Core Concepts
Different data augmentation techniques, including SpecAugment, Gaussian Noise, and Speed Perturbation, can improve the robustness of self-supervised speech recognition models like HuBERT and wav2vec when evaluated on augmented test sets, but may degrade performance on the original dataset.
Abstract
The paper explores the impact of different speech data augmentation techniques on the performance of self-supervised speech recognition models, specifically HuBERT and wav2vec, on the tasks of Phoneme Recognition (PR) and Automatic Speech Recognition (ASR).
Key highlights:
The authors used the S3PRL toolkit to experiment with three data augmentation techniques: SpecAugment, Gaussian Noise, and Speed Perturbation.
For the PR task, the SpecAugment dataset and Gaussian Noise dataset were used for finetuning, while for the ASR task, the SpecAugment dataset and Speed Perturbation dataset were used.
The results show that SpecAugment slightly improves the performance of HuBERT and wav2vec on the original dataset for both PR and ASR tasks.

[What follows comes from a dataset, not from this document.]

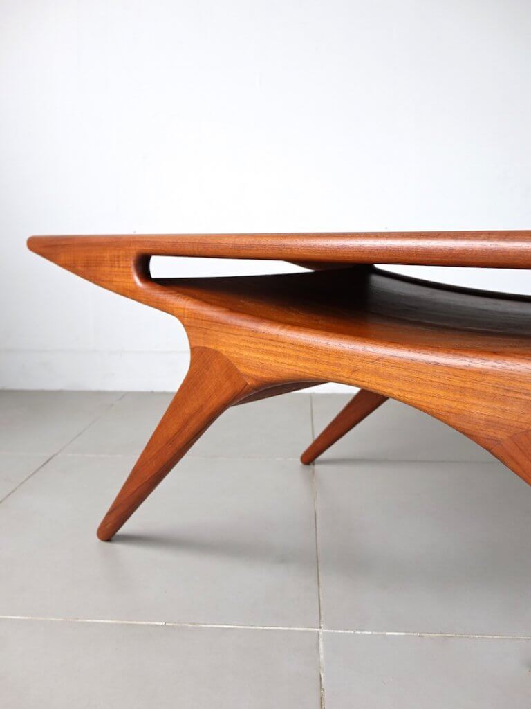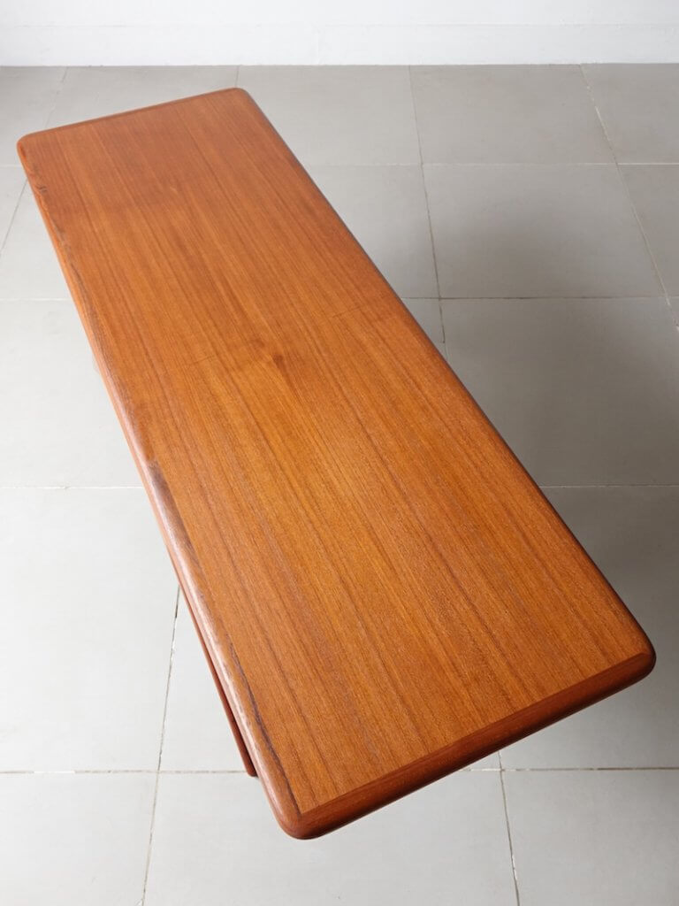 1957年にJohannes Andersen(ヨハネス・アンダーセン)がデザインしたC.F.Christensen社の名作コーヒーテーブル 。独創的なフォルムからUFOテーブルやスマイルテーブルと呼ばれています。天板と収納部が一体化した画期的なアイデアによりデザイン性と機能性が見事に 融合した名作家具のひとつです。昨今市場でもなかなか見かけることの無い希少な作品となります。木部はフルサンディング、組み直し、再塗装を行っておりますので安心してご使用頂けます。

Models finetuned on Gaussian Noise and Speed Perturbation datasets perform better on their respective augmented test sets, indicating improved robustness to those types of noise.
However, the Gaussian Noise and Speed Perturbation finetuned models perform worse on the original dataset compared to the baseline, suggesting a trade-off between robustness and generalization.
The authors plan to explore the use of sequentially augmented datasets and evaluate the performance on different datasets beyond LibriSpeech in the future.
Stats
The original Phoneme Recognition (PR) task PER for HuBERT-Baseline is 6.38% and for wav2vec-Baseline is 32.53%.
The original Automatic Speech Recognition (ASR) task WER for HuBERT-Baseline is 6.84% and for wav2vec-Baseline is 18.78%.
HuBERT-Gaussian-Noise achieved a PER of 13.10% on the Gaussian Noise test set.
wav2vec-Gaussian-Noise achieved a PER of 70.67% on the Gaussian Noise test set.
HuBERT-Speed-Perturbation achieved a WER of 21.63% on the Speed Perturbation test set.
wav2vec-Speed-Perturbation achieved a WER of 34.22% on the Speed Perturbation test set.